CH·42 AI & neural audio
verified 2026-06-19

Stable Audio 3 active

Stability AI vunknown added 2026-05-29 verified 2026-06-19

[Use when]

You need to generate high-quality audio and music from text prompts, or edit and inpaint existing audio recordings at scale.

Open homepage at stability.ai
Engines
S Standalone
License

Custom

Pricing

Freemium

Last verified

2026-06-19

Added

2026-05-29

about

Stable Audio 3 is a state-of-the-art generative audio platform built on diffusion transformers and the SAME (Semantic-Acoustic Music Encoder) autoencoder. It supports three core workflows: text-to-audio generation from natural language prompts, audio-to-audio editing with prompt-guided style transfer, and precise inpainting or continuation of specific regions within existing recordings.
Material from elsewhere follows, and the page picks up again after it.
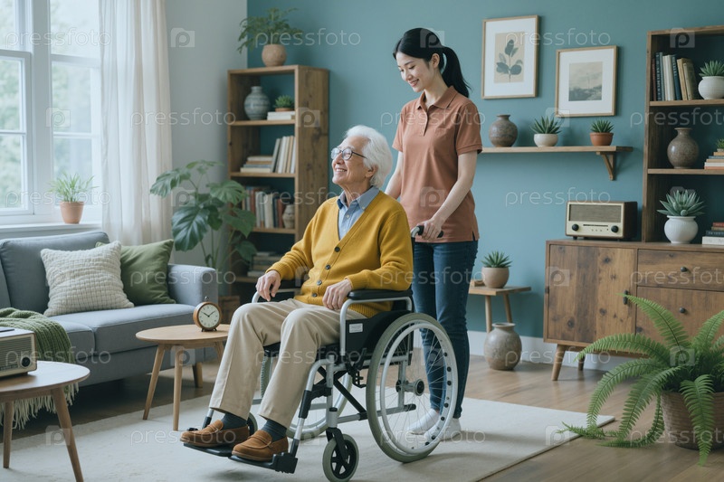 Мужчина с инвалидностью получает помощь от азиатского опекуна дома

The platform offers multiple model sizes: Small models (433M params) run on CPU with no GPU required for lightweight music and SFX generation up to 120 seconds, while the Medium model (1.4B params) delivers higher quality output up to 380 seconds on GPU. Generation speed is measured in milliseconds for multi-second outputs on modern hardware. The SAME autoencoder produces stereo 44.1kHz output at 256-dimensional latents, balancing reconstruction fidelity with generative tractability.

Stable Audio 3 includes LoRA fine-tuning support for personalization, variable-length generation to avoid wasting compute on unused latents, and broad hardware compatibility including CUDA, TensorRT, and Apple Silicon via CoreML. Note: the open-weight models are released under the Stability AI Community License (free for research and for commercial use below a revenue threshold), while the largest model is available via API only — it is open-weight, not OSI-approved open source.